▶ **WHAT THIS TASK INVOLVES**:
Restate the lines of the material below word for word, from the first through the one containing "Minimalist Triangle, Ruler, Protractor", and include nothing else; pictures stay out.

▶ **RAW DATA**:
* * * * *
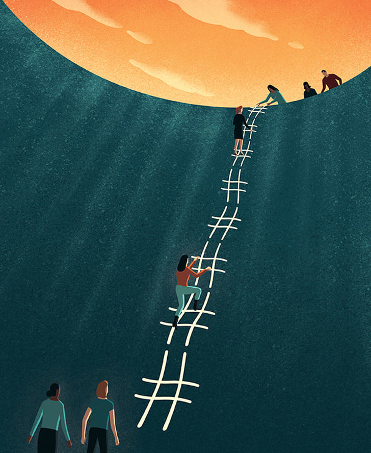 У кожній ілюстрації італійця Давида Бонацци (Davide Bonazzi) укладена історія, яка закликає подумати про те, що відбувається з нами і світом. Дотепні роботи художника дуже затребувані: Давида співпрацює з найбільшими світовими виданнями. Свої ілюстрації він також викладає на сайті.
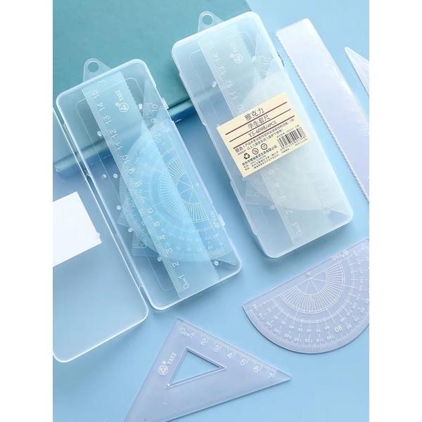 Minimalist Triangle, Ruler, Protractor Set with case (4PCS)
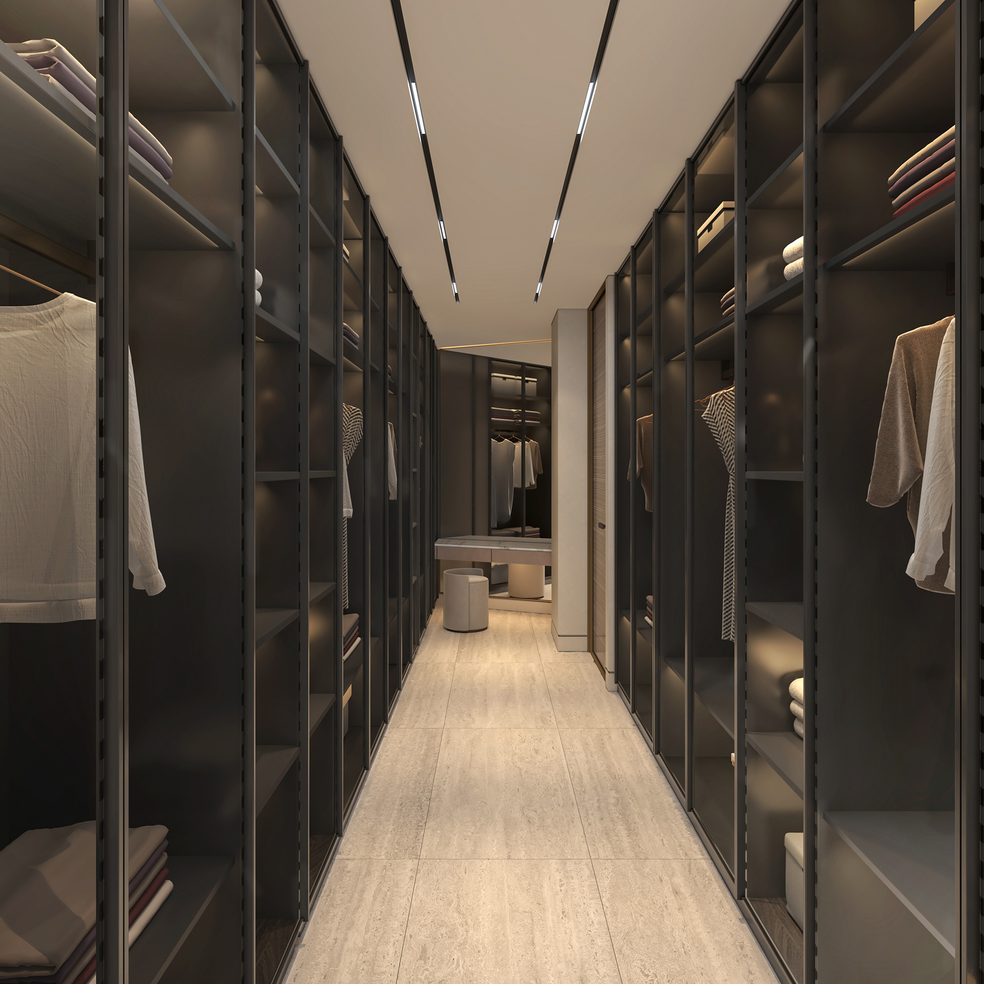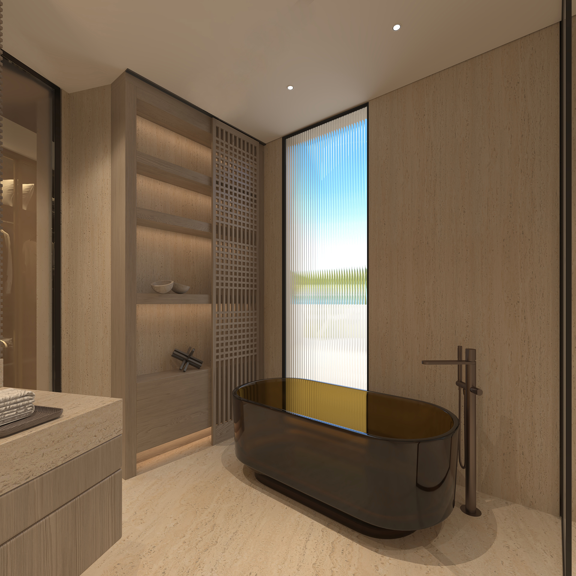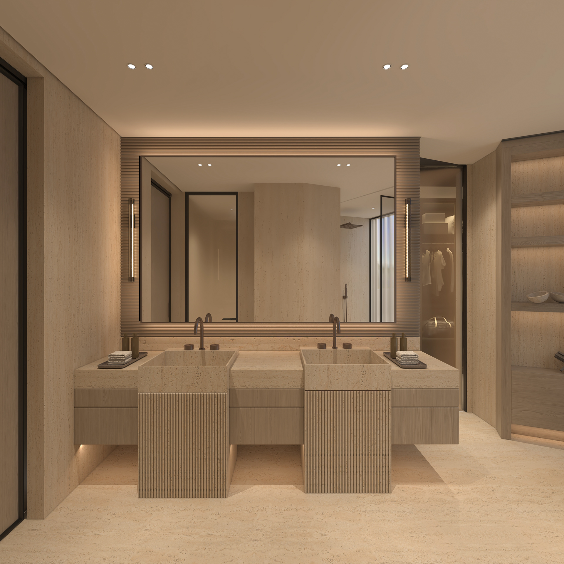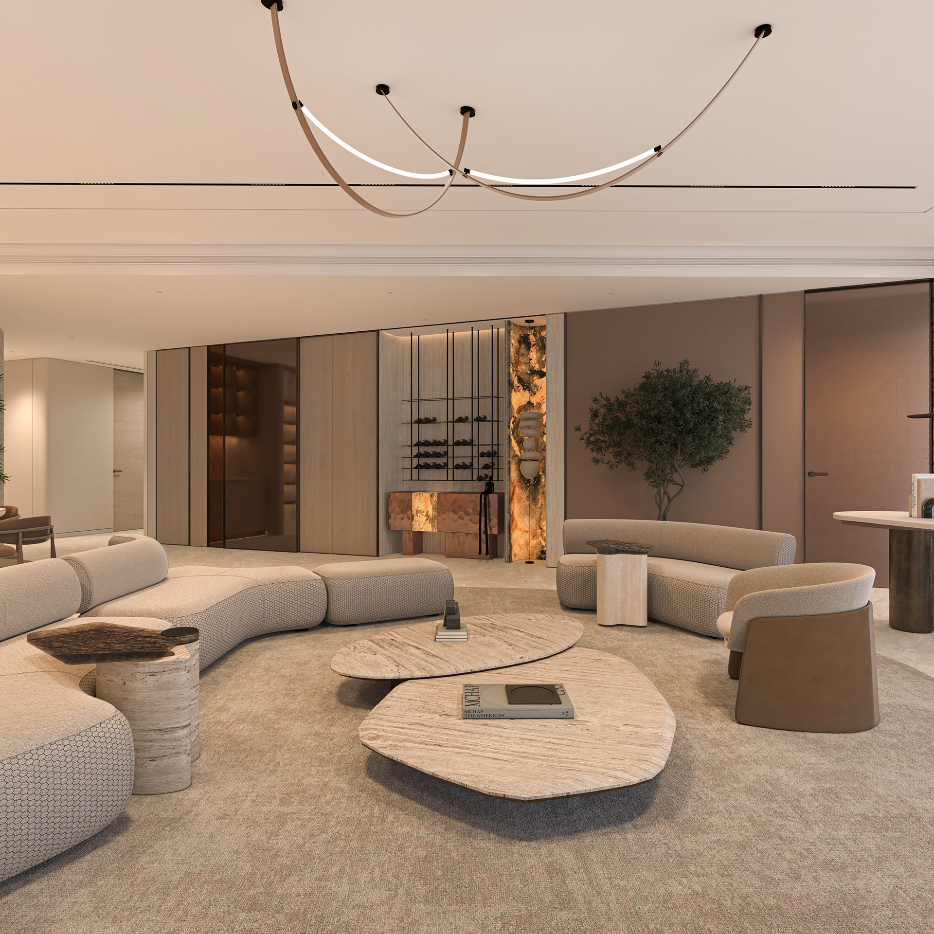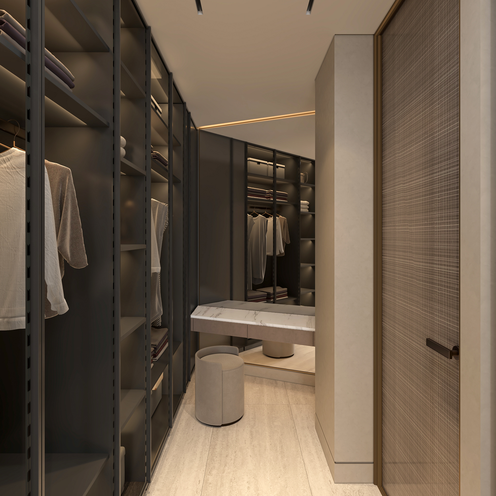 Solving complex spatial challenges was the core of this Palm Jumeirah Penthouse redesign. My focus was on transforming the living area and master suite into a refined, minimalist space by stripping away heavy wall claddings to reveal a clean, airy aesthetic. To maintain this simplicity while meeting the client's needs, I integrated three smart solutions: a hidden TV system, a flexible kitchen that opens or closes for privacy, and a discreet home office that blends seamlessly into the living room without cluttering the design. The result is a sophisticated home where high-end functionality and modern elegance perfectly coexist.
* * * * *
▶ **EXERCISE RESULT**:
 У кожній ілюстрації італійця Давида Бонацци (Davide Bonazzi) укладена історія, яка закликає подумати про те, що відбувається з нами і світом. Дотепні роботи художника дуже затребувані: Давида співпрацює з найбільшими світовими виданнями. Свої ілюстрації він також викладає на сайті.
 Minimalist Triangle, Ruler, Protractor Set with case (4PCS)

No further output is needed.